提到二人尴尬的关系,并非冲突,倒不如说毫无矛盾。Charles曾对爱触手可及,他从不为承受爱而恐慌,也不为给予爱而踌躇,在流动的爱意中他如鱼得水,对于恨意也毫无反省。只是现如今,与他朝夕相处的只剩下Oscar一人,可Oscar若即若离,既是亲口求他收养又将他束之高阁,早中晚三次带着可爱的微笑和Charles打招呼,却在其他的时间沉浸在自己的世界中,只把他当成抽取生活所必需的交流的水井。Charles对感情有着难以填饱的胃口,而Oscar难以捉摸的态度犹如新出炉的面包香气,闻得见吃不到,作为成年人的自尊和对情感联结的饥饿感在他脑子里打架,他找到的平衡点也只是笨拙地在Oscar主动发话时尽可能地满足他的需求,虽然Oscar的需求少得可怜,他早慧而沉静,在大驾光临后甚至负责了午饭,花样不多但味道居家,Charles终于不再食用他那半生不熟的意面。但Oscar也并非完美无缺,房间里除了散着各种书,衣服也随意堆放着;反而是Charles较爱整洁,第一次面对Oscar混乱的房间时,震惊与无奈以及一点嫌弃写在他那张漂亮的脸上,但他背地里也承认,他为抓到Oscar把柄而幸灾乐祸。

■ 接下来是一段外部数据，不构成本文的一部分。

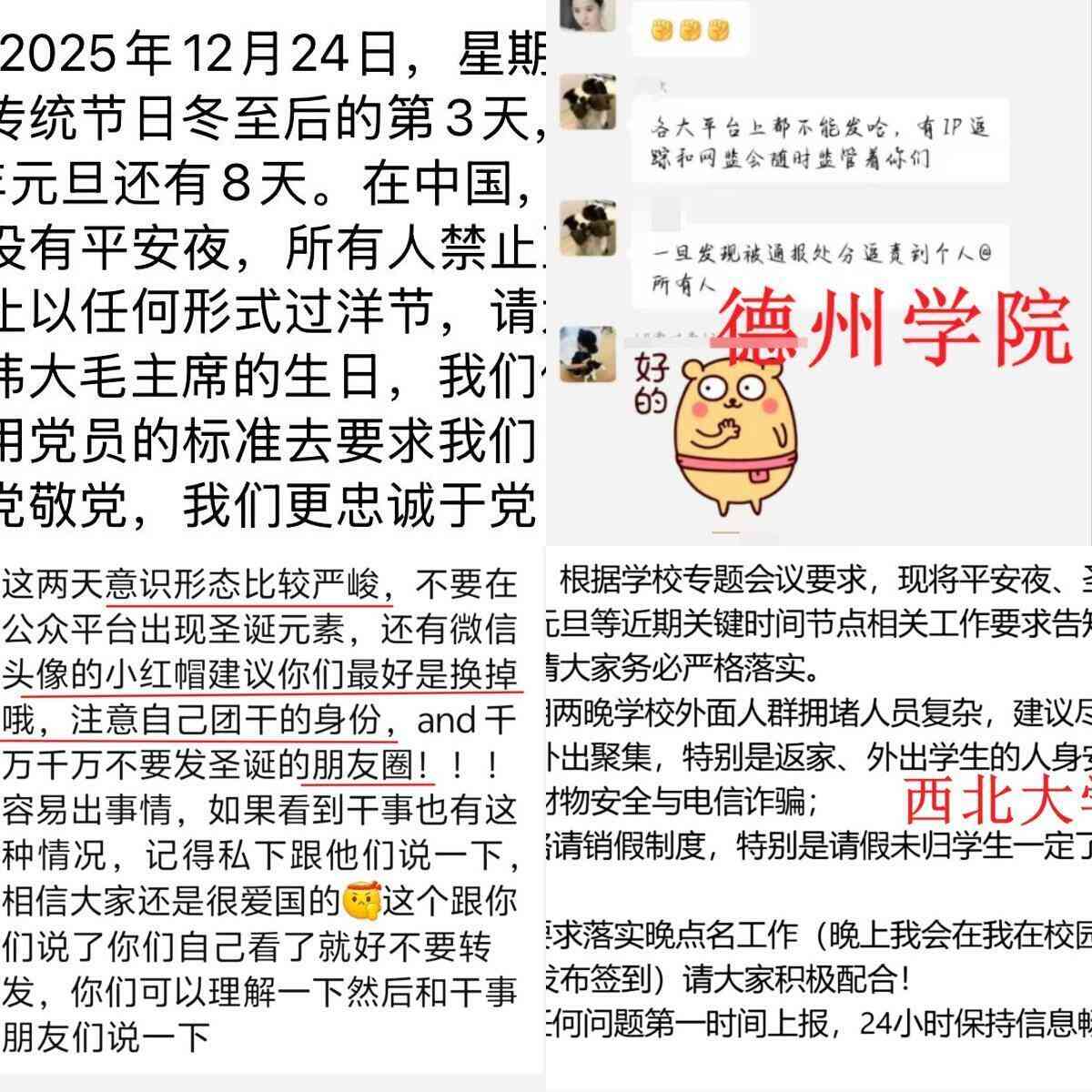 12月24日,山東德州學院要求學生不准發朋友圈,一經發現嚴肅處理,有輔導員表示,「IP跟蹤和網監會隨時監管著你們,一旦發現即追責到個人,這是很嚴肅的事情。」陝西西北大學要求今明(24日、25日)兩晚不外出不返家,每晚點名。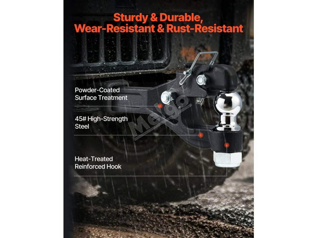 Pintle Hitch je vyrobený z vysoko kvalitnej ocele s práškovou povrchovou úpravou a poskytuje vynikajúcu odolnosť proti opotrebeniu a ochranu proti korózii.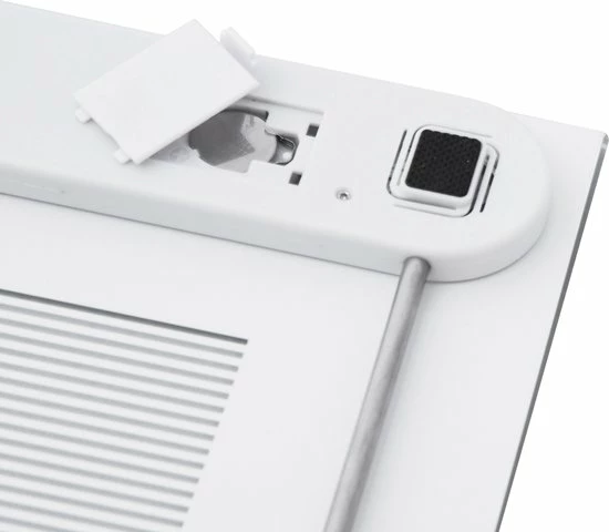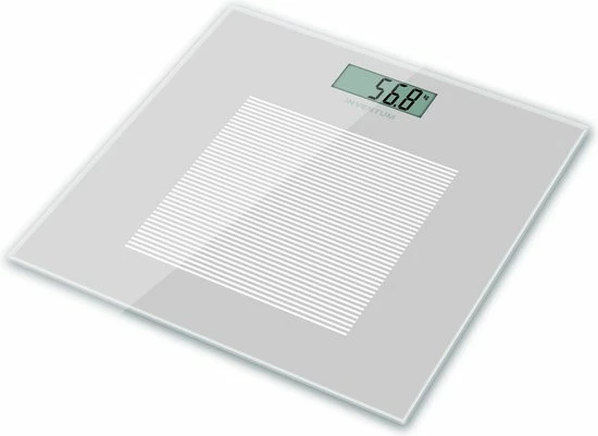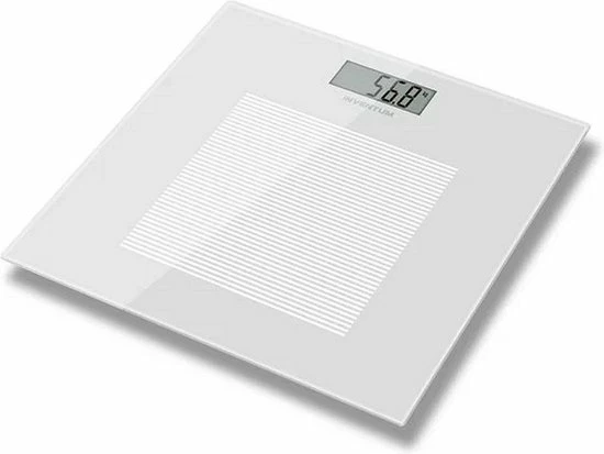 Kleur: wit Materiaal: glas Afmetingen: 30 x 30 x 2 cm (L x B x H) Weegcapaciteit tot 180 kg Gradaties met intervallen van 100 gram Eenvoudige “Step on” activatie Automatische uitschakeling Oppervlakte van gehard glas Groot LCD-scherm 4-punts weegsysteem Verwijderbare 1 x CR2032 Li-ion batterij (inclusief)

Charles的生活远非清心寡欲,相反他的日子仰仗着隐秘的小金库过得相当滋润。那块田地只是为了有趣才去耕种,稀稀拉拉种着点圣女果、小麦、南瓜和土豆,结出的果也大小不一,有一半也进了虫子的肚里,那头叫Max的牛也因为缺乏运动而长了一身膘。一旦Oscar难得表现出一点欲求,他便毫不怜惜地跑去镇上采购,尤其两人共同爱好甜食,便常买各样的甜品满足口腹之欲。Oscar进食会露出他兔子一般的板牙,眼睛笑得眯起来,满足和幸福的神态令Charles吃惊之余,也抚慰了他渴求感情填满的胃袋。第一次从Oscar身上榨出有活力的情绪时,Charles几乎兴奋到颤抖。某一次他在带领信徒祈祷后,照例弹奏了一段福音,待众人散去,才发现Oscar坐在最后一排,不知道什么时候来的。Charles不让Oscar参与宗教活动,虽然在家务方面他从不推脱,甚至当Oscar主动清洗衣物或打理农场时,他会乐不可支地抿着猫儿样的嘴笑,但接待信众,他却始终亲力亲为甚至有意避开Oscar,可能他认为在人未定型的少年时期,不应过多接受既定的观点。因此当发现Oscar似乎聆听了整场礼拜后,他显得有点惊惶,又开始用食指摩挲他高挺的鼻子(他每次紧张与不好意思就下意识如此),但Oscar仍然很平静。

“辛苦了,Charles。”Oscar的笑容是真心诚意的,但他眯起的眼睛像狐狸。

对夸奖最为受用的Charles却不知所措,毕竟Oscar的阅读倾向提示他是一个绝对的无神论者。他低着头不好意思地笑了两声,声音全在鼻子里显得像哼哼。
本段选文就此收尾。